(Records from a collection)
━━━━━━
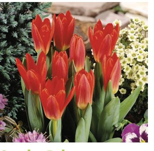
Scarlet Baby Height: 20cm Plant Depth: 10-12cm 30 FOR £5.00
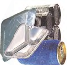
Steel, tin & aluminum food trays, foil & cans
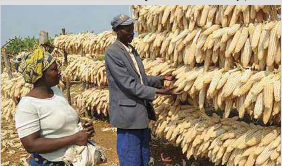
out the maize. Remove all rotten maize It is advisable to dry your maize before storage to avoid aflatoxins infection and rotting.

The Aspergillus flavus fungus invades and infects developing maize grain in the field before harvest, especially when the maize remains too long in the field; that's a reason why maize should be harvested early. The fungus affects mature grain during harvest and in storage as well,. In stored maize, the fungus can develop further through improper grain drying and unhygienic storage practices. Pre-harvest contamination with aflatoxins is aggravated by drought stress and elevated temperature during seed maturation. Damage through broken grains and holes drilled by pests such
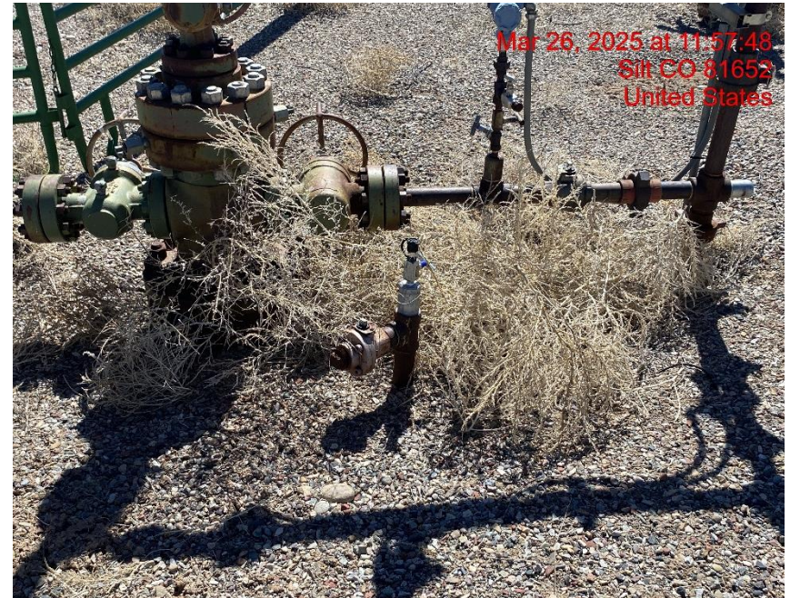
Weeds – Photo #07673
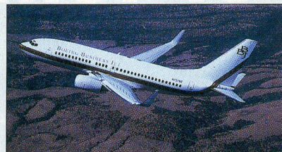
Boeing will offer BBJ training next year

Order boom for Safire jet ..... 26 Eaglet certification pushed back ... 27 BBJ simulator arrives
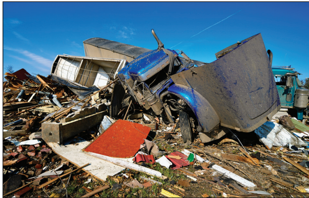
Two semis are seen bunched up, Sunday, March 26, 2023, in Rolling Fork, Miss., after they were moved by a tornado two days earlier.
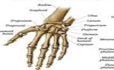
HAND (PALMAR VIEW)
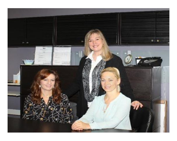
Our friendly and highly trained Customer Care Team is always on call to meet your every need
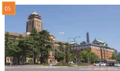
Aichi Prefectural Government & Nagoya City Hall 愛知縣政府&名古屋市政府
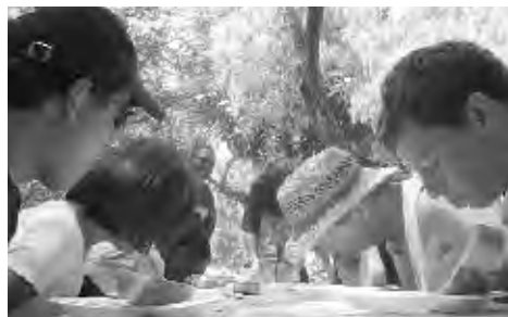
The watermelon-eating contest. First place trophy was awarded to Cynthia Banks.
━━━━━━
__Task instructions__:
Find every line above where the word "your" occurs, and copy that line.

__Exercise answer__:
out the maize. Remove all rotten maize It is advisable to dry your maize before storage to avoid aflatoxins infection and rotting.
Our friendly and highly trained Customer Care Team is always on call to meet your every need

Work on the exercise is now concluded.